## WHAT THE TASK REQUIRES
Please print the line that holds "Limiting beliefs are" and each line after it to the end of the data, word for word, without any pictures.

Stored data
------

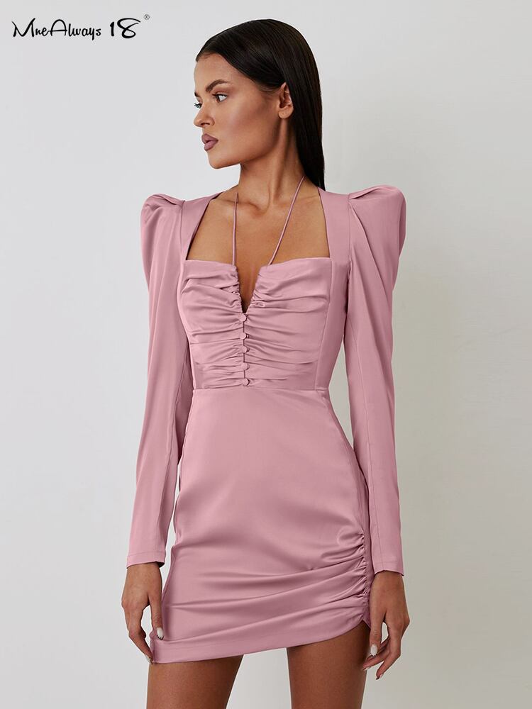 送料無料 パーティーセクシーなシャーリングドレス春夏ソフトサテンウエストドレスレースアップ無地ミニドレス女性 2023 クラブ スプリング 春物 サマー 夏物 ソリッドカラー AE5567631003473482
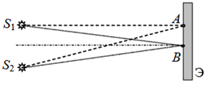• ЗАДАЧА 20. Свет от двух синфазных когерентных источников S1 и S2 с длиной волны λ достигает экрана (см. рис.). На нем наблюдается интерференционная картина. Светлые области в точках А и В наблюдаются потому, что
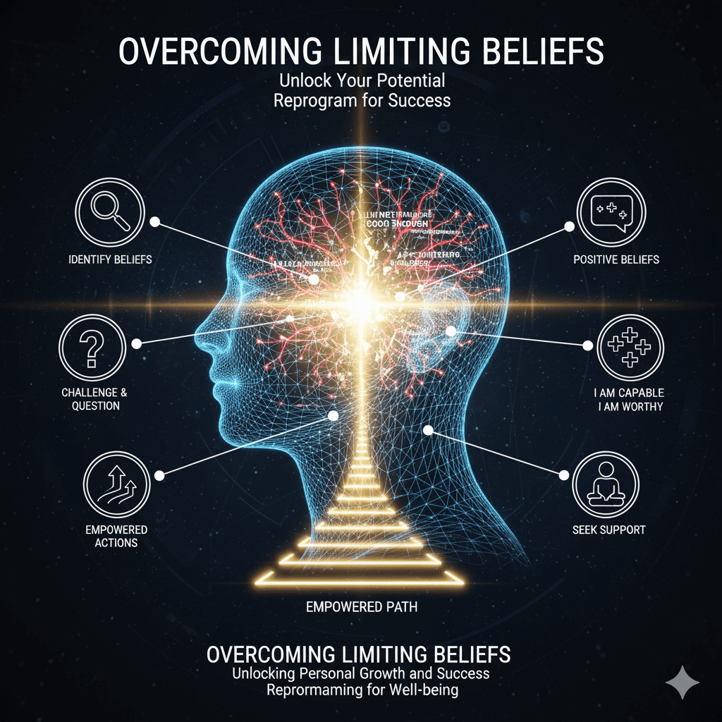 Limiting beliefs are negative thoughts deeply embedded in the subconscious that hold you back from reaching your potential. These beliefs often develop from past experiences, fear, or societal conditioning. Overcoming them is key to unlocking personal growth and success.
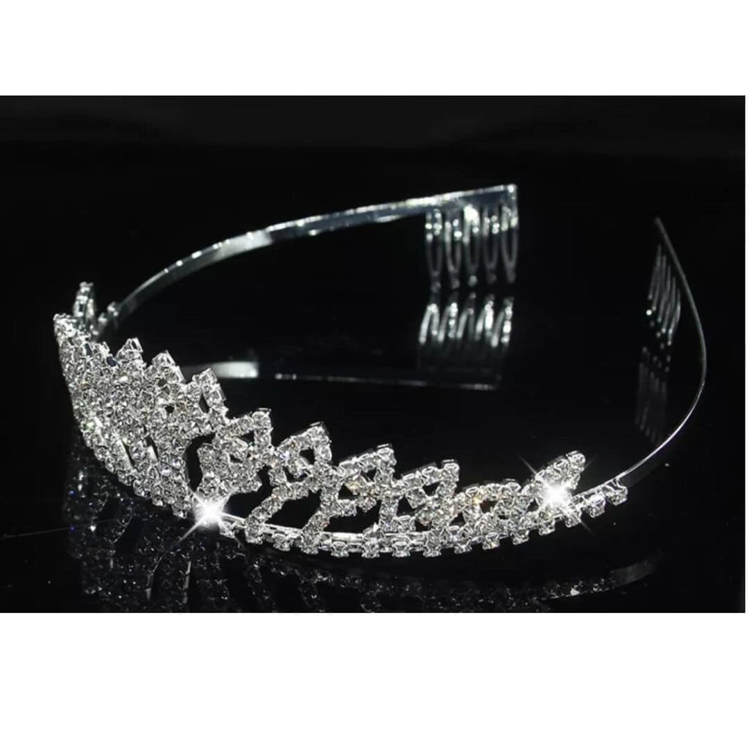 Νυφική Κορώνα- Τιάρα με κρύσταλλα ασημί ύψους 3,60cm με χτενάκι στήριξης
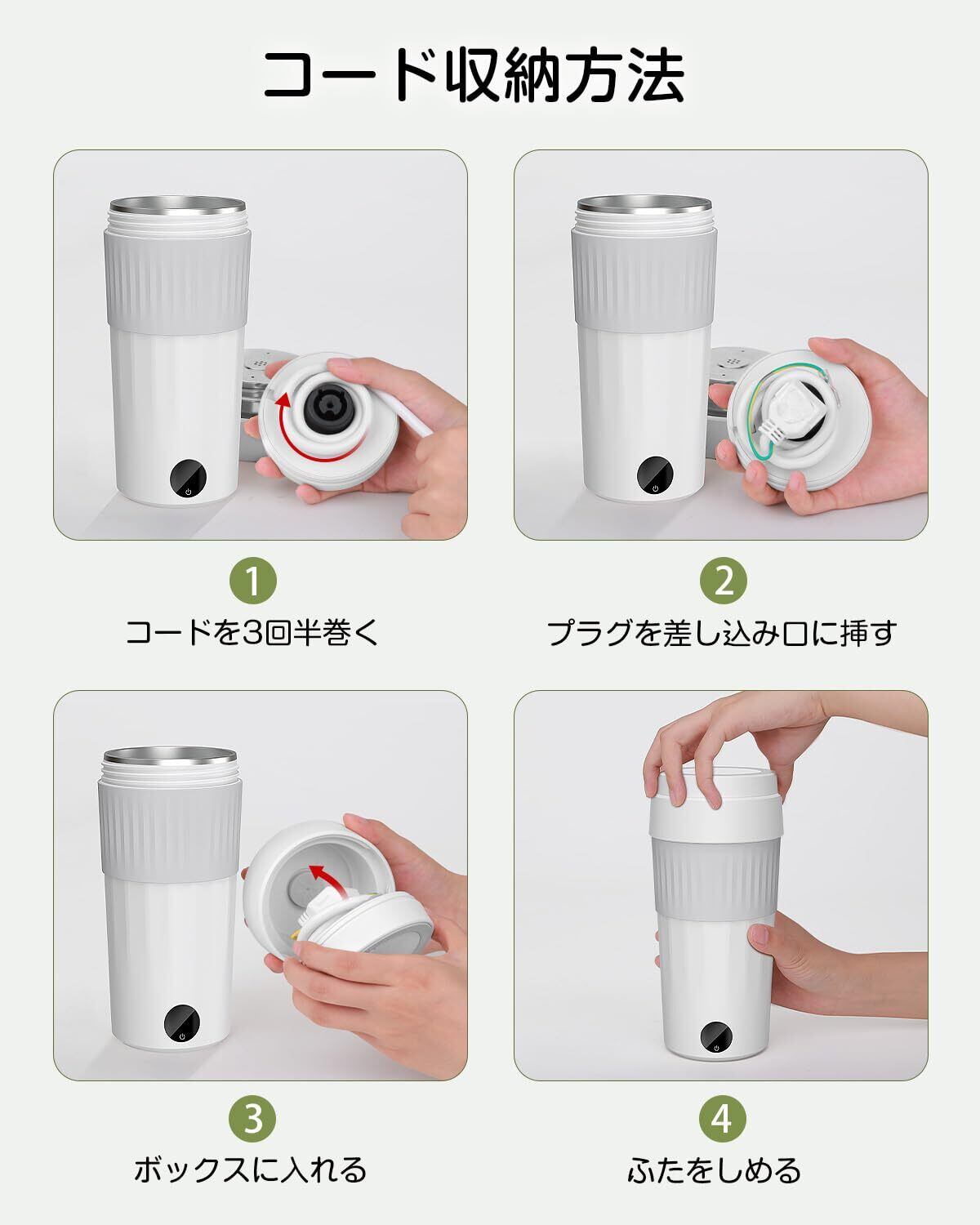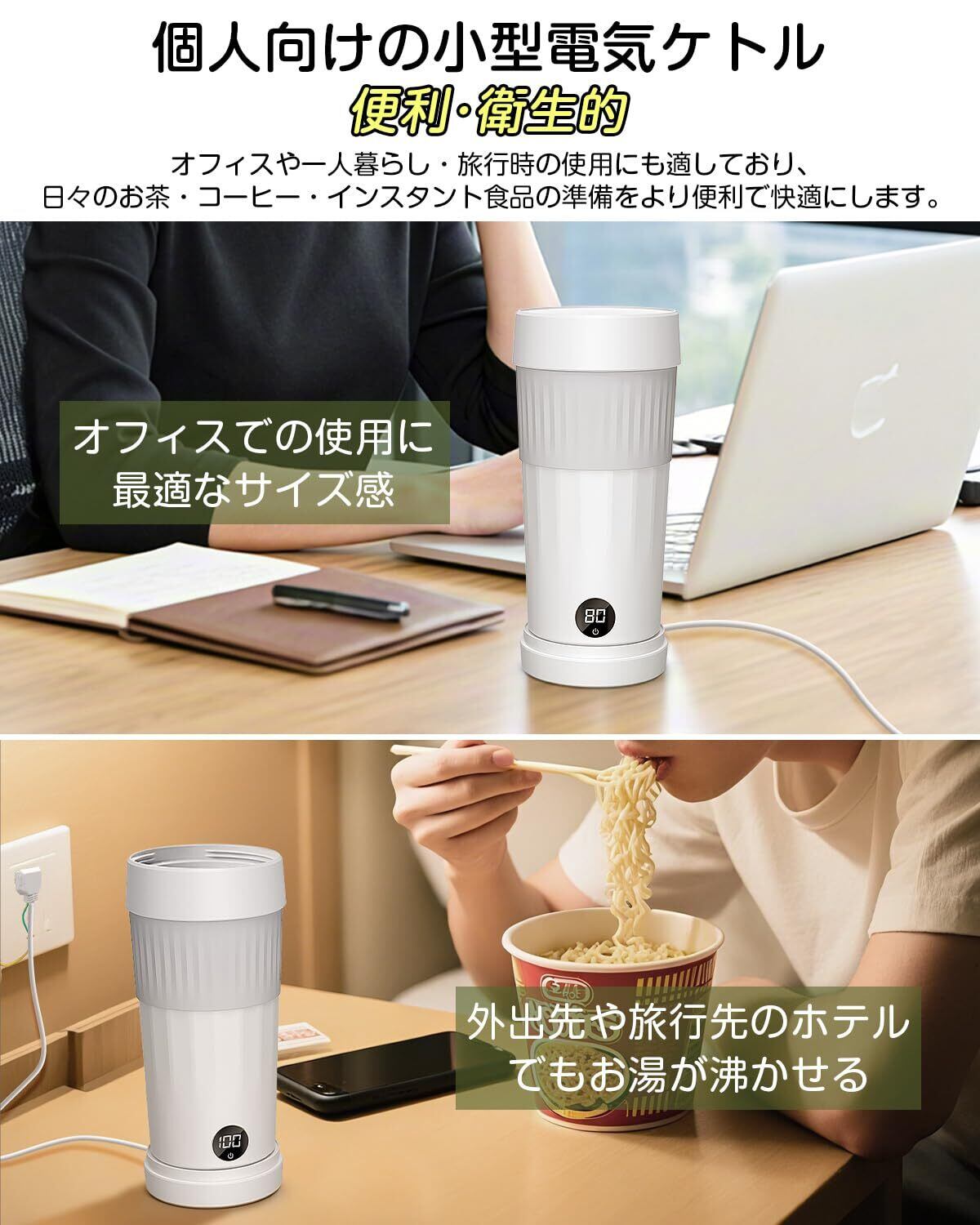 【理想の生活を追求!使い易い分離式&コード収納可】Aliliy携帯用300mlのポータブル電気ケトルは小さいサイズで職場のデスク上に置いても場所を取らないです。より使いやすい分離式設計、電源ベースから外せば本体はコードレスなので、注ぎの際に抜き差し不要、コードを気にせず手軽に使えます。コードと電源プラグを蓋にまとめられてすっきりと収納し、見た目を良くするだけでなく、収納時にかさばらないです。小型軽量でバッグやスーツケースに入れて持ち運びやすく、コンセントやポータブル電源に繋けば、いつでもお湯が沸かせます。小型電気ポットは衛生面が気になる人や、出張先や旅行先や外出先でも温かい飲み物を楽しみたい方にぴったりです。

------

## OUTPUT
 Limiting beliefs are negative thoughts deeply embedded in the subconscious that hold you back from reaching your potential. These beliefs often develop from past experiences, fear, or societal conditioning. Overcoming them is key to unlocking personal growth and success.
 Νυφική Κορώνα- Τιάρα με κρύσταλλα ασημί ύψους 3,60cm με χτενάκι στήριξης
 【理想の生活を追求!使い易い分離式&コード収納可】Aliliy携帯用300mlのポータブル電気ケトルは小さいサイズで職場のデスク上に置いても場所を取らないです。より使いやすい分離式設計、電源ベースから外せば本体はコードレスなので、注ぎの際に抜き差し不要、コードを気にせず手軽に使えます。コードと電源プラグを蓋にまとめられてすっきりと収納し、見た目を良くするだけでなく、収納時にかさばらないです。小型軽量でバッグやスーツケースに入れて持ち運びやすく、コンセントやポータブル電源に繋けば、いつでもお湯が沸かせます。小型電気ポットは衛生面が気になる人や、出張先や旅行先や外出先でも温かい飲み物を楽しみたい方にぴったりです。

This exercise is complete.